Urgent notice: Sandoz Morphine Sulfate Injection USP 2mg/ml (1ml ampoules) – DIN 02242484
The Ontario Pharmacists' Association, working in collaboration with the Ontario Ministry of Health and Long-Term Care and Health Canada’s Health Products and Food Branch, is advising all pharmacists and their team members to be aware of a safety warning related to Sandoz Morphine Sulfate Injection USP. Some boxes of Sandoz Morphine Sulfate Injection USP 2mg/ml (1ml ampoules), DIN 02242484, may contain ampoules labeled as Isoproterenol Hydrochloride Injection 0.2mg/ml (1ml ampoules), DIN 00897639, in addition to ampoules labeled as containing morphine.
Links to the English and French memos from Health Canada to pharmacies, medical clinics and hospitals can be found here:
- 2012-03-21 HPFB Notice_HCP_Sandoz_Morphine_English
- 2012-03-21 HPFB Notice_HCP_Sandoz_Morphine_French
- 2012-03-21 HPFB Notice_Hosp_Sandoz_Morphine_English
- 2012-03-21 HPFB Notice_Hosp_Sandoz_Morphine_French
- An image of the affected box can be found here.
While the lots of morphine (Lot CC2824 Exp. 2014-12) and isoproterenol (Lot CB8787 Exp. 2012-11) have been identified, it is unclear whether other similar packages exist and the depth of this problem. Pharmacists and other team members are urged to be vigilant in checking the exterior packaging and its contents for boxes of both Sandoz morphine and Sandoz isoproterenol prior to dispensing.

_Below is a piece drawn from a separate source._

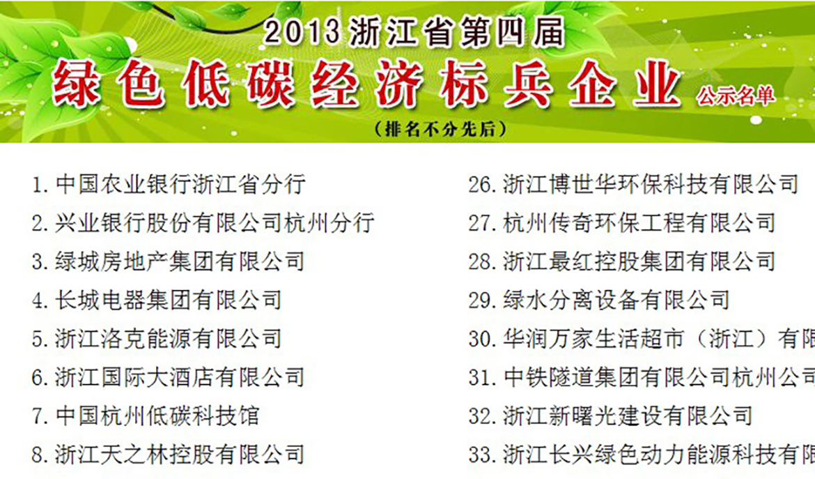 由錢江晚報、浙江在線新聞網(wǎng)站、浙江大學(xué)經(jīng)濟學(xué)院、浙江省企業(yè)發(fā)展研究會聯(lián)合主辦的浙江省第四屆“綠色低碳經(jīng)濟標(biāo)兵企業(yè)”評審會于2013年11月17日落幕,經(jīng)全體評委評審和無記名投票,在眾多入圍企業(yè)中選拔我省50家第四屆“綠色低碳經(jīng)濟標(biāo)兵企業(yè)”公示名單,我公司榮膺50家公示名單之內(nèi)。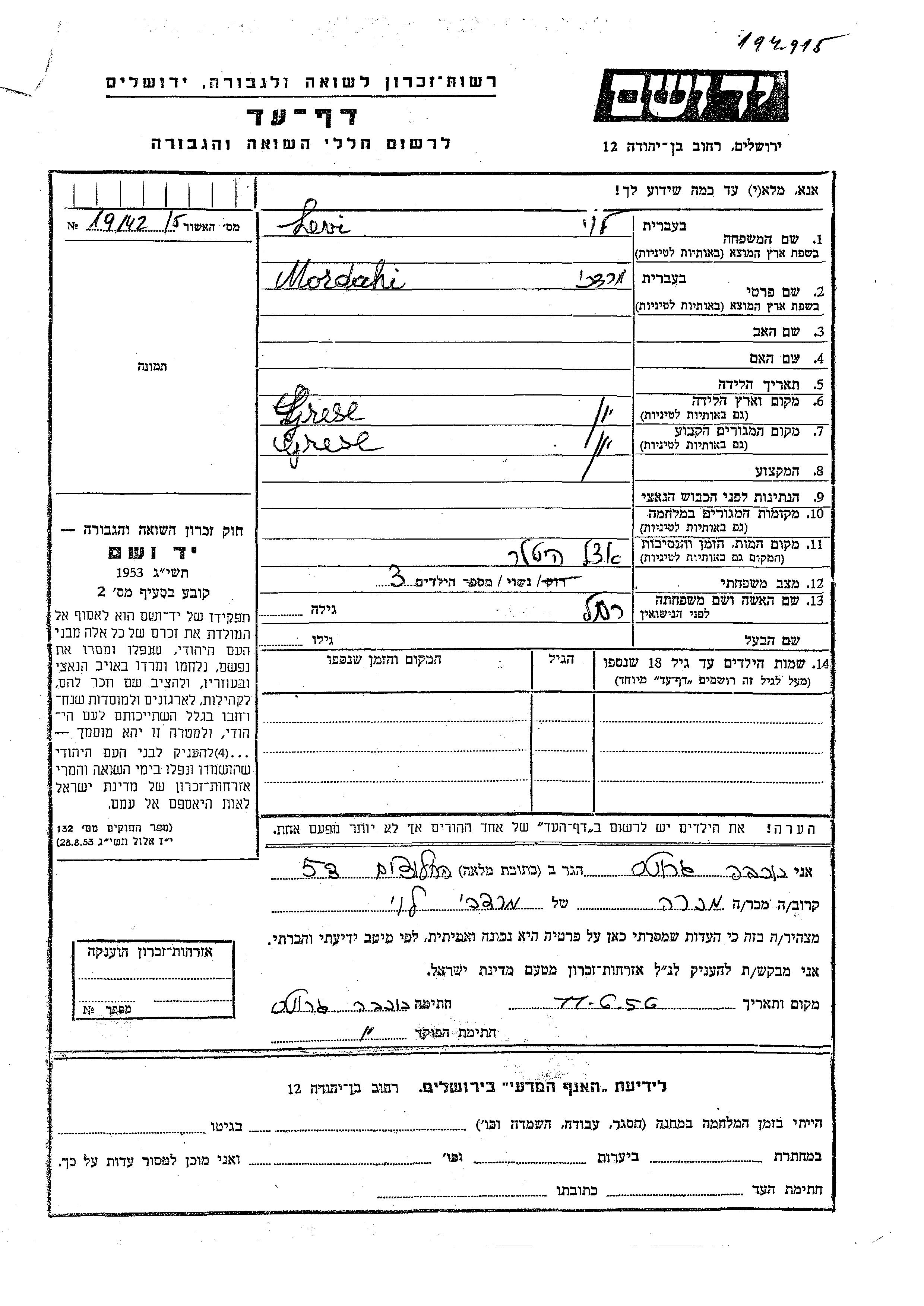 Мордехай Леви, место рождения: Греция. Женат / замужем. Место жительства до войны: Липтовский-Микулаш, Чехословакия.

The Ontario Pharmacists’ Association remains committed to working with the Ministry of Health and Long-Term Care, the Ontario College of Pharmacists, and other healthcare associations to ensure as smooth a transition as possible for healthcare providers in their management of the challenges associated with drug shortages. We will continue to keep you updated as new information becomes available.
Ministry update on the drug shortage issue
To address the current shortage of certain injectable medications, the Ministry of Health and Long-Term Care has developed a five-point action plan that will guide the Ontario government’s response. The plan includes health care system strategies for inventory and impact assessment, inventory management, facilitated procurement, modification of services and communications. Pharmacists and other health care providers who work with injectable medications affected by the production slowdown are urged to review the Ministry’s March 20 update. A framework to help guide and support ethical decision-making in the allocation of resources is now available and can be found here.
To ensure patient safety, all health care providers are being encouraged to engage in dialogue on strategies to conserve supply, and to consider therapeutic options, including alternate dosage forms and modified dosing. The Drug Information and Research Centre at the Ontario Pharmacists’ Association (OPA) can provide information on drug availability and identification, therapeutic uses of drugs, method of drug administration, drugs in pregnancy and lactation, adverse effects of drugs, precautions and contraindications of drug use, drug interactions, pharmacokinetics, drug stability, formulary issues and other drug-related topics.
As indicated in our March 13 message to members, OPA is playing a critical role as a member of the Ministry’s Drug Shortage Technical Advisory Group (DSTAG), providing recognized leadership in areas such as drug information and guidance on issues such as resource allocation and inventory management. We are participating in daily conference calls with the Ministry’s Emergency Operations Centre (EOC); have provided the profession’s perspective on the ethical framework document; and have been asked to participate in several ad hoc working groups that support the technical advisory group.
At the Ministry’s request, your Association is currently working on a mechanism to collect and collate aggregated information from pharmacists that will then be forwarded to the EOC. This mechanism will also be help to identify any trends or changes in prescribing, and may help to identify future shortages or back orders of solid dosage forms resulting from these changes.
As indicated in the Ministry’s March 20 memo, Local Health Integration Networks (LHINs) will play a key role in managing the shortage issues locally, and in tracking inventories. The Ontario Pharmacists’ Association has emphasized that since community pharmacies are not yet integrated into the LHIN structure, OPA must be included in all information from the Ministry regarding inventory levels. The Ministry has been very receptive to this message and all stakeholders recognize the important role of pharmacists in managing the shortage challenges.